### Your task
Only one span is wanted from the lines below: from the one with "30 Kopecks double" up to and including the one with "Avallon (terrain synthétique).". Copy it exactly, without images.

### Material supplied
+++
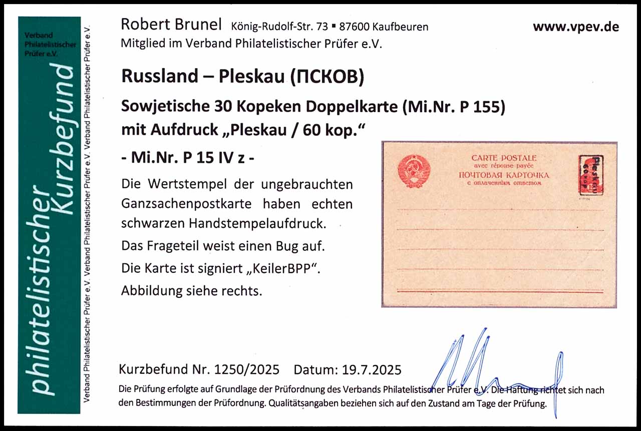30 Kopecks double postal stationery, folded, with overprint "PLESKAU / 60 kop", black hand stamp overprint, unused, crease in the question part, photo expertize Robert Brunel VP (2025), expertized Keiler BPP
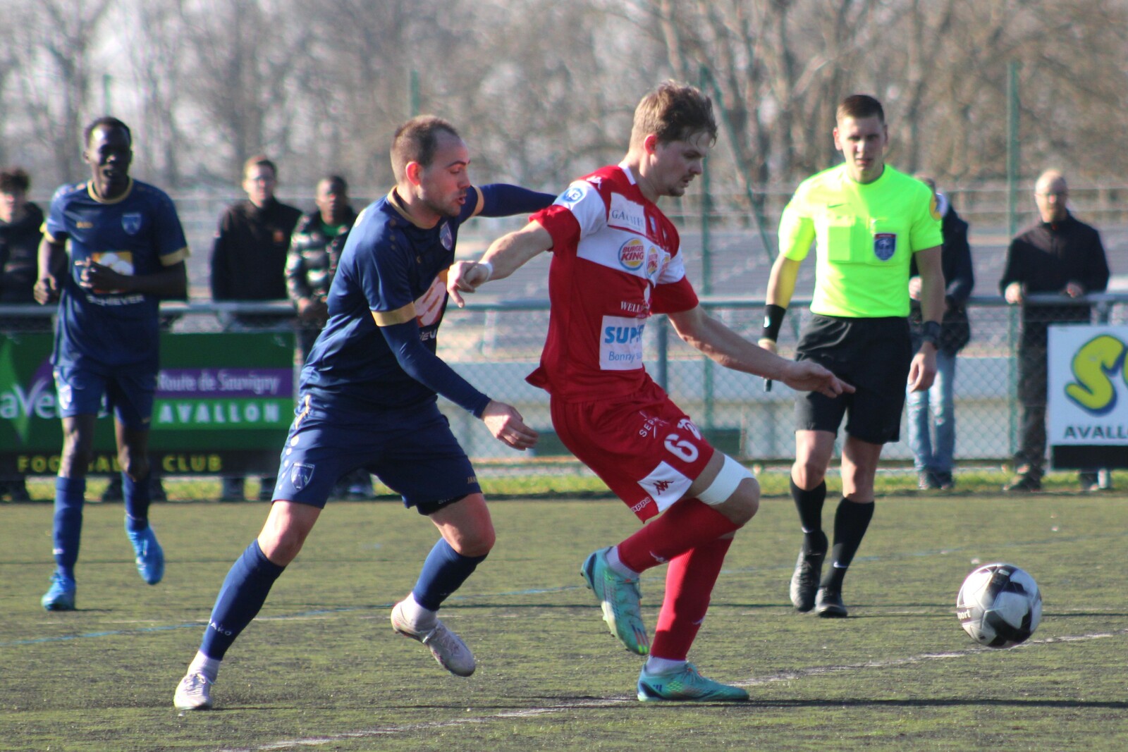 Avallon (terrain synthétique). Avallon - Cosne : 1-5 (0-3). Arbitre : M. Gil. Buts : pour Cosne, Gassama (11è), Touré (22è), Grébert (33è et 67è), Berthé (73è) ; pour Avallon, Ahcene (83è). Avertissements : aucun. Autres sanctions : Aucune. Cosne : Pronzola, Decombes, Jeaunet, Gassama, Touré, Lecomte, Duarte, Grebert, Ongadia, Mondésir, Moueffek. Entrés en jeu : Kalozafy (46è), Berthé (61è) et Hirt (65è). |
+++
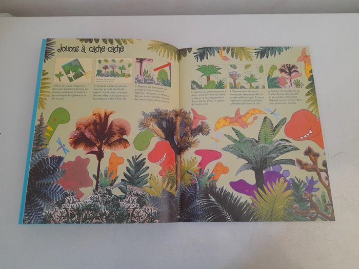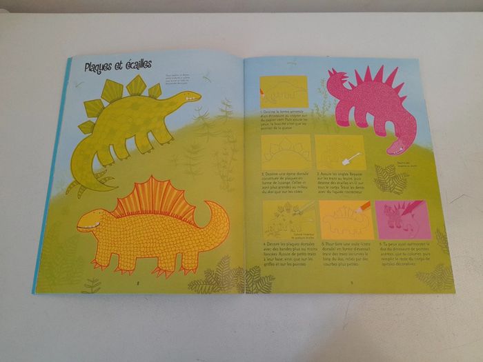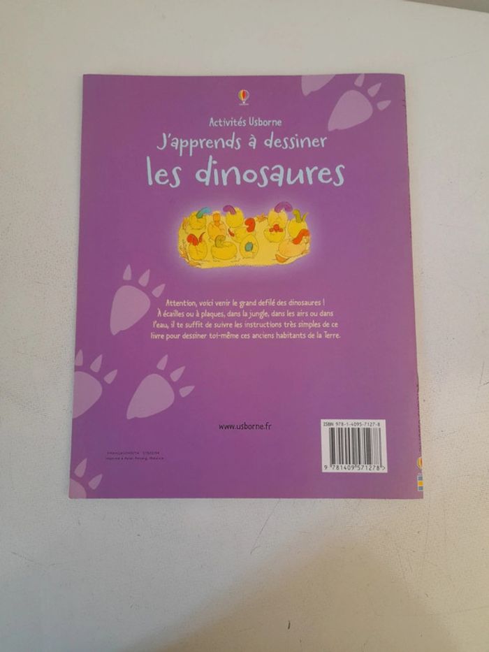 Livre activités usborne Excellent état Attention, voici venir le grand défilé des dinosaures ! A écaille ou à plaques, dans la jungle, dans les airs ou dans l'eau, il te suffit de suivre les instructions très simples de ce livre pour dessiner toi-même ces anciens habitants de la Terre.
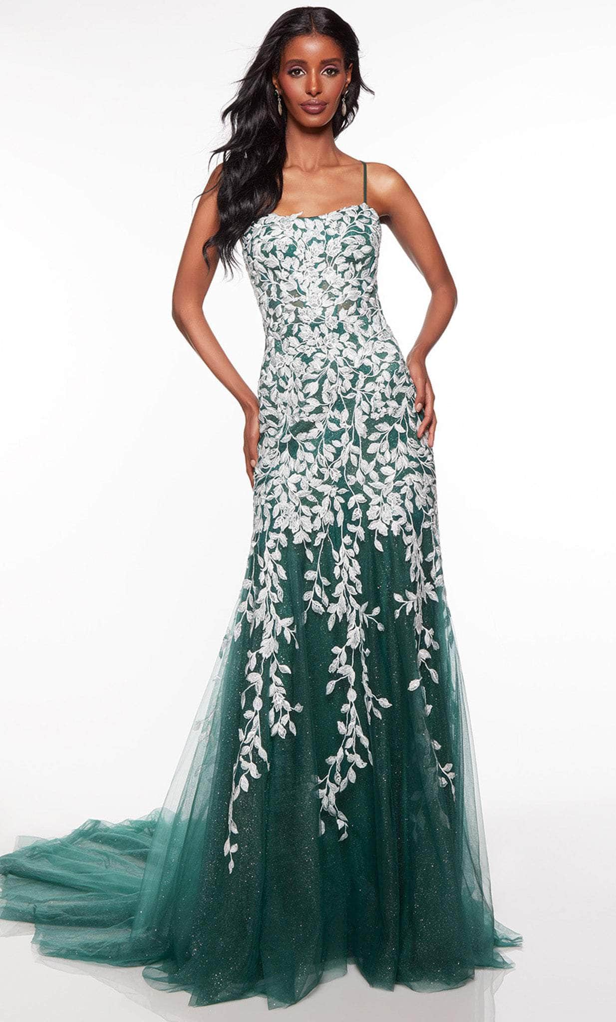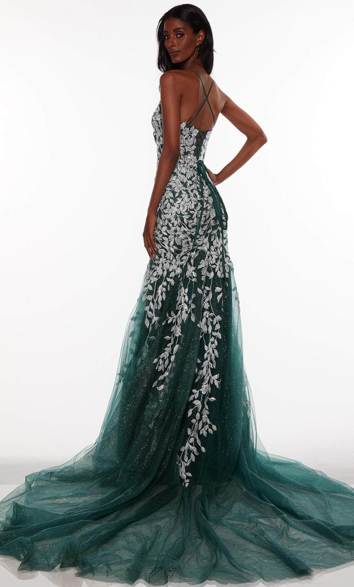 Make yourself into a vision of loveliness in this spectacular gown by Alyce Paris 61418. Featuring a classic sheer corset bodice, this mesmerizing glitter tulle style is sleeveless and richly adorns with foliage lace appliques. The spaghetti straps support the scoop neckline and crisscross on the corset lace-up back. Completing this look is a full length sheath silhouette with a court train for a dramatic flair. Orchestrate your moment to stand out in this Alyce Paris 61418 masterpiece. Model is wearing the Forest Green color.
+++
### Answer section
30 Kopecks double postal stationery, folded, with overprint "PLESKAU / 60 kop", black hand stamp overprint, unused, crease in the question part, photo expertize Robert Brunel VP (2025), expertized Keiler BPP
 Avallon (terrain synthétique). Avallon - Cosne : 1-5 (0-3). Arbitre : M. Gil. Buts : pour Cosne, Gassama (11è), Touré (22è), Grébert (33è et 67è), Berthé (73è) ; pour Avallon, Ahcene (83è). Avertissements : aucun. Autres sanctions : Aucune. Cosne : Pronzola, Decombes, Jeaunet, Gassama, Touré, Lecomte, Duarte, Grebert, Ongadia, Mondésir, Moueffek. Entrés en jeu : Kalozafy (46è), Berthé (61è) et Hirt (65è). |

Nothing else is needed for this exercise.